> _What you will do_
Reproduce exactly the lines from the one containing "- Селенологическая карта" through the end of the listing, minus the pictures.

> _Dataset excerpts_
* * * * *
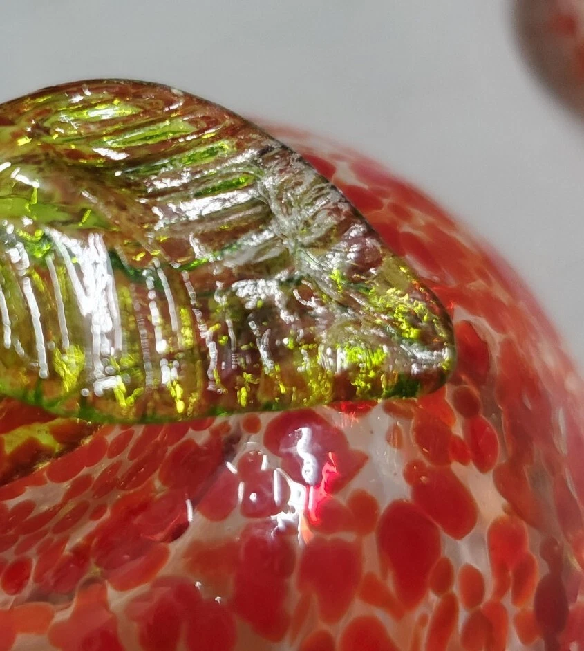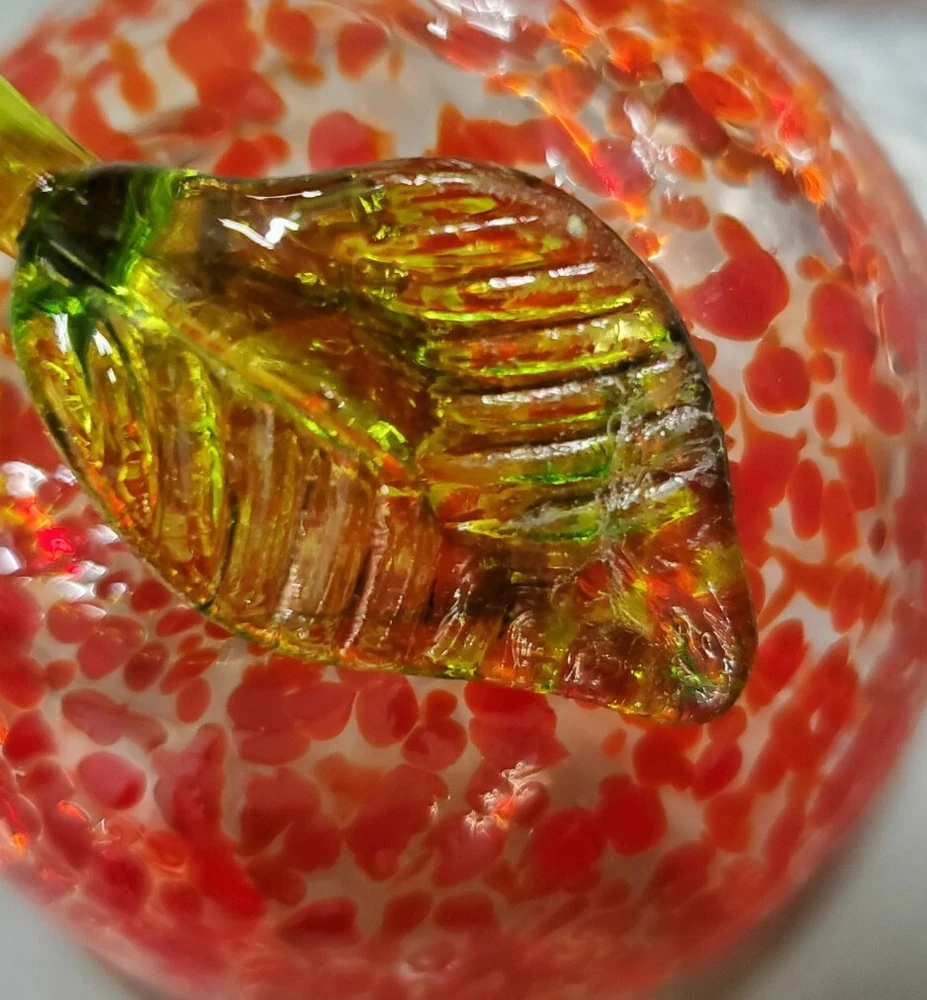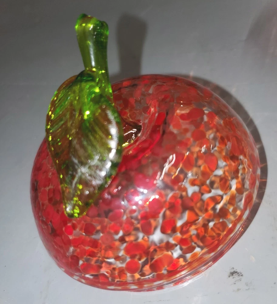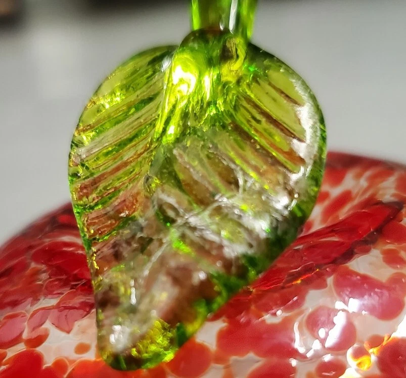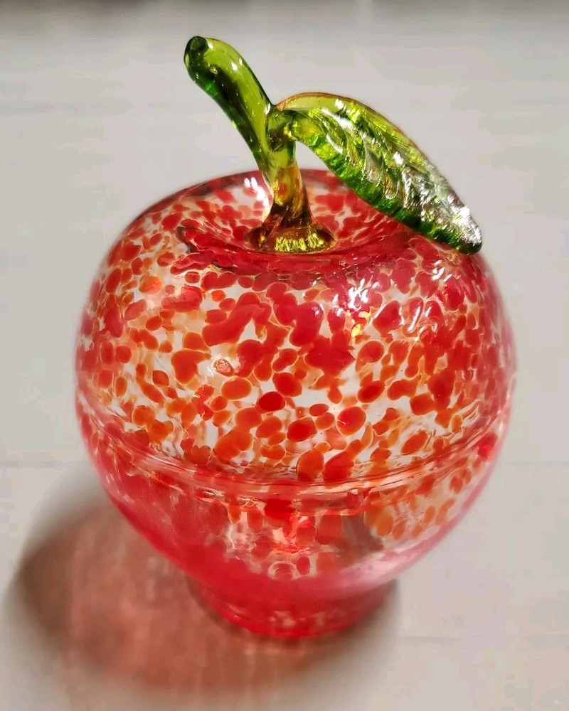 Beautiful, lightweight, quality glass dish. Bowl with lid. The leaf on top does have a repaired break. Not super noticeable unless you know it's there. See all photos prior to purchase! Sold as-is. This beautiful splatter glass apple dish from Romania is sure to add a pop of color to your vanity or dining table. The vibrant red and green stem leaf design is hand blown into a glossy finish, creating a unique and artistic piece. Measuring 3.5 inches in diameter and height, this trinket box is perfect for storing candy, jewelry, or other small items. The removable lid and curved design make it both decorative and functional, while the production technique of hand blown glass adds a touch of artistry to each piece. This item weighs less than 2 pounds and is unmarked, making it a unique addition to any collection.
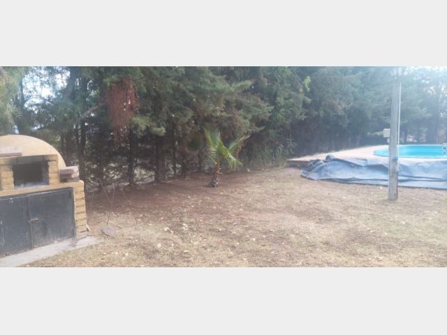 SE VENDE HERMOSA CABAÑA CON PILETA DE FIBRA , QUINCHO, CHURRASQUERA T HORNO DE BARRO, EN UN LOTE DE 1000 MT2 TODO PARQUIZADO Y RECUBIERTO DE PINOS, PALMERAS Y DEMAS ESPECIES FLORALES, FACHADA CON GRATEO Y PORTON DE MADERA, LA CABAÑA POSEE 34 MT2 CUBIERTOS DISTRIBUIDO EN 1 DORMITORIO PRINCIPAL, COCINA , BAÑO, ANTE BAÑO, DORMITORIO CHICO Y COMEDOR CON DESAYUNADOR. PUERTA DE MADERA Y VENTANAS DE MADERA CON PUERTA REJA Y TAMBIEN REJAS SOBRE LAS VENTANAS, POSEE AGUA POTABLE SUMINSTRADA POR POZO DE LA COMISION DEL BARRIO, LISTA PARA ESCRITURAR
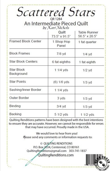 Scattered Stars Quilt Pattern View Larger Image Price: SALE $7.00 3 item(s) available. Item # PTN-SCATTERED-STARS | Reg. $10.00 Tweet Pin It Scattered Stars Quilt Pattern Featuring the 2025 All Oregon Shop Hop fabric collection by In The Beginning Fabrics. Pattern and instructions; fabric not included Finished quilt measures 73 1/2 inches by 91 1/2 inches Bonus Table Runner pattern included - 56 1/2 inches x 20 1/2 inches Designed by Kari Nichols Published by Quilting Renditions Copyright 2025 Related Products 2025 All Oregon Shop Hop Limited Edition Thread Collection by Aurifil Item # AURI-TM7SS010 | Reg. $39.99 SALE from $27.99 2025 All Pacific Northwest (Oregon & Washington) Shop Hop Magazine Item # MAG-2025-SHOP-HOP | Reg. $12.95 SALE from $6.00
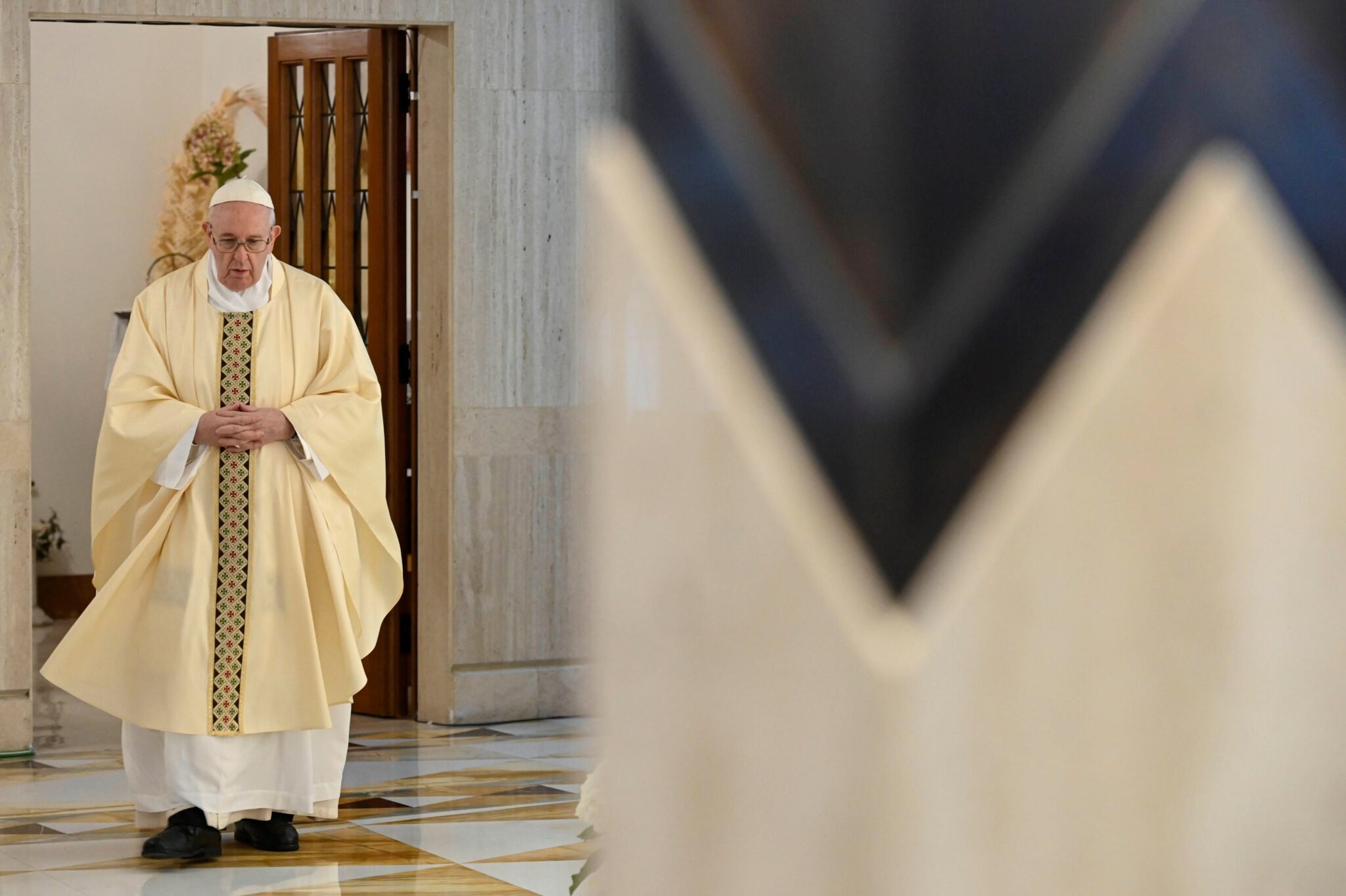 Vatican City (Vatican City State (holy See)), 23/04/2020.- A handout picture provided by the Vatican Media shows Pope Francis leading the mass at Casa Santa Marta, Vatican City, 23 April 2020. (Papa) EFE/EPA/VATICAN MEDIA / HANDOUT HANDOUT EDITORIAL USE ONLY/NO SALES
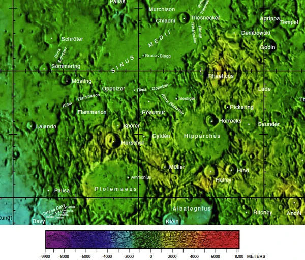 - Селенологическая карта окрестностей кратера.
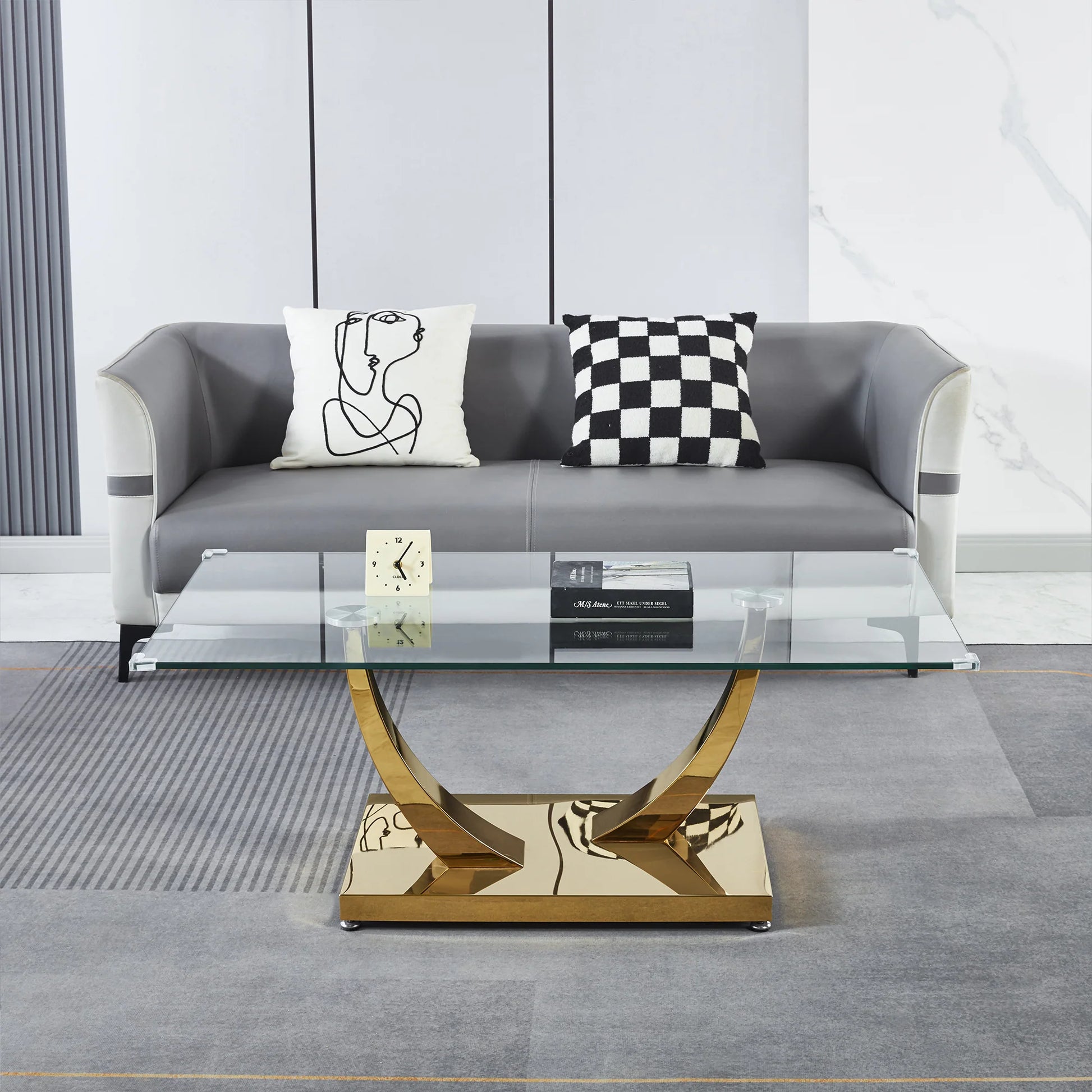 The CT035 Coffee Table features a robust 10 mm tempered glass top paired with a durable 201 stainless steel frame. Its elegant gold or silver mirrored finish adds a luxurious shine, making it a standout piece that enhances any living area with both style and strength. Perfect for those who value quality and sophisticated design.
* * * * *
> _Result below_
 - Селенологическая карта окрестностей кратера.
 The CT035 Coffee Table features a robust 10 mm tempered glass top paired with a durable 201 stainless steel frame. Its elegant gold or silver mirrored finish adds a luxurious shine, making it a standout piece that enhances any living area with both style and strength. Perfect for those who value quality and sophisticated design.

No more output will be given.